今回のご案内役は、女性ソムリエールの草分け、島幸子(しま ゆきこ)さん。数少ない女性のシニア・ソムリエールとして、中部地区を中心に活躍している。そんな彼女と同行したのは、愛知県・名古屋市の錦にたたずむ、伝統的な江戸前寿司をふるまう「すし豊倉」。今回は「舌鼓」連載スタートを記念して特別に、島さんに“寿司にあうシャンパーニュ”をご持参いただいた。銘柄は、ペリエ・ジュエ社のベル・エポック。実は、「すし豊倉」でもワインやシャンパーニュを仕入れている。一見意外な組み合わせだが、これがよく合う。
「もう、このウニの握りが最高ですね!」と島さん。最上級のウニをたっぷり、軍艦巻きにせずにそのままシャリにのせたもの。シャンパーニュとの相性も絶妙だ。「ほら、このとろけるような甘みが引いたあとに、ほのかに苦味が残るでしょう?このベル・エポックもそう。だからあわせて飲むと、絶妙なんです」 ウニが舌先で奏でた旋律を、再びなぞるようにしてシャンパーニュが口腔を駆け抜けていく。まさに舌鼓をうつ瞬間。
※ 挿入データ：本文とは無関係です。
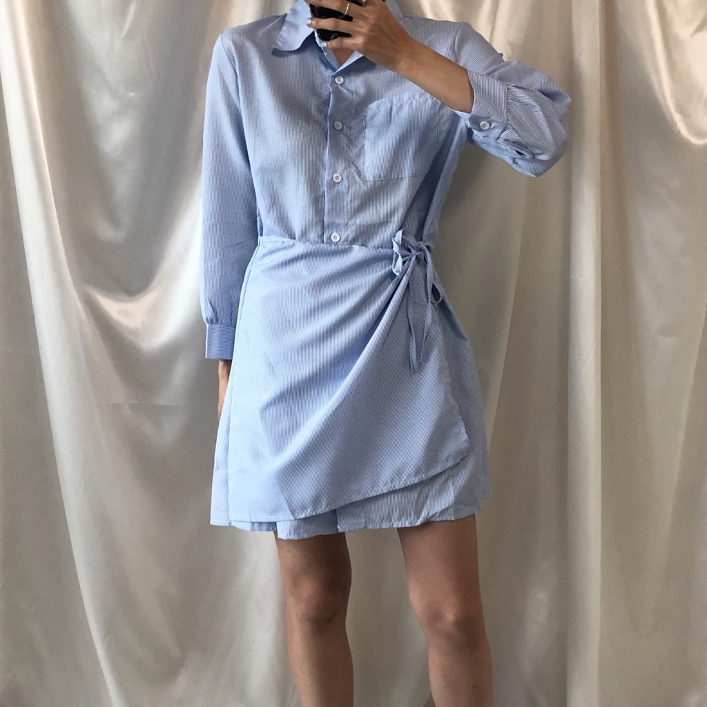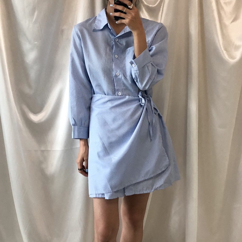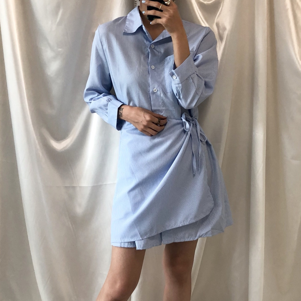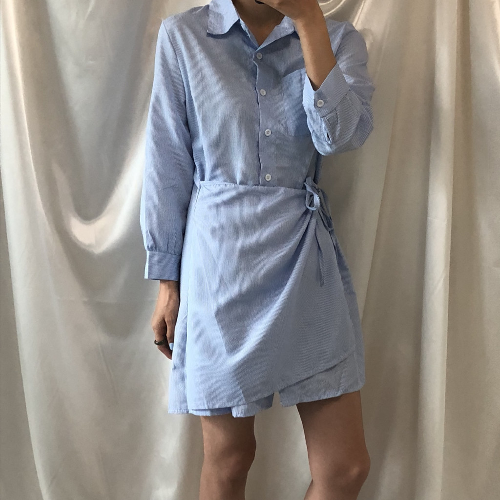깔끔한 실루엣의 스트라이프 패턴 셔츠 랩 원피스 입니다.

続いて「寿司ネタになるために生まれてきたような」と職人の加藤さんが冗談まじりにたとえた墨烏賊(スミイカ)の握り。限定された時期に、ごく少量しか獲れない稀少なネタである。乳白色のイカに醤油を筆ですっとひと塗り。甘みが深く、濃厚な味わい。そして、 極めつけは穴子の握り。島さんが「まるでお餅みたいな」と形容するほど、ふんわりとやわらかく、口に入れたらすぐに舌先でほぐれてしまうような繊細さだ。「甘みを抜いたデザートのよう」と表現する島さん。
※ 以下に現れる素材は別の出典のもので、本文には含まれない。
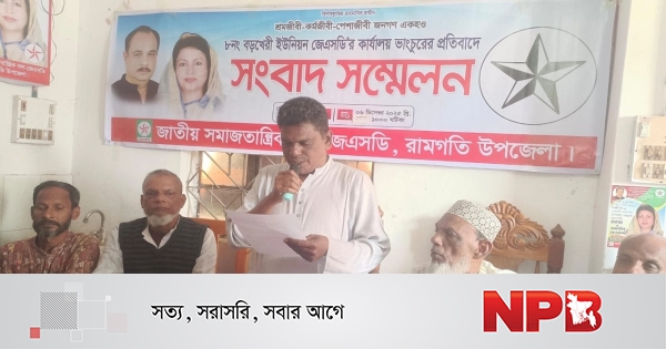 শনিবার(৬ ডিসেম্বর) সকালে এই ঘটনার প্রতিবাদে সংবাদ সম্মেলন করে রামগতি উপজেলা জেএসডি। সংবাদ সম্মেলনে উপজেলা জেএসডির সাধারণ সম্পাদক লোকমান হোসেন বাবলু বলেন, ৮ ডিসেম্বর জেএসডি ও গণতন্ত্র মঞ্চের আয়োজনে জনসভা হবে। আ স ম আবদুর রব, তানিয়া রব ও জোটের অন্যান্য নেতারা উপস্থিত থাকবেন। ৮ তারিখের জনসভা সফল করার জন্য আমাদের সর্বস্তরের নেতা-কর্মীরা যখন ব্যাস্ত ঠিক সেই মুহুর্তে গত রাতে ঊর্ধ্বতন নেতৃত্বের নির্দেশে ডা.জামাল উদ্দিন, সিরাজ উদ্দিন, মো.জুয়েল, শিবলি নোমান, শিব্বির, ইরাজ ও হান্নানের নেতৃত্বে বড়খেরি ইউনিয়নের কার্যালয়ে হামলা চালিয়ে ভাংচুর করে।

ソムリエールとは、味はもちろん、香り、舌ざわり、歯ざわり、のどごし、余韻……。ワインのすべてを味わいつくす仕事だ。それを生業とする島さんの舌先を満足させる、見事に調和のとれた「すし豊倉」の寿司。また、島さんはこう言う。「最高の食材を使ってつくられた絶品料理やワインは、それにふさわしい空間の中で、すばらしい器に盛られていなきゃ嫌なの。もちろん、味わうほうもとびきりのお洒落をして行かなくてはね!」
「すし豊倉」の寿司も、その極上の味にふさわしい空間で楽しめるのは、言わずもがなだろう。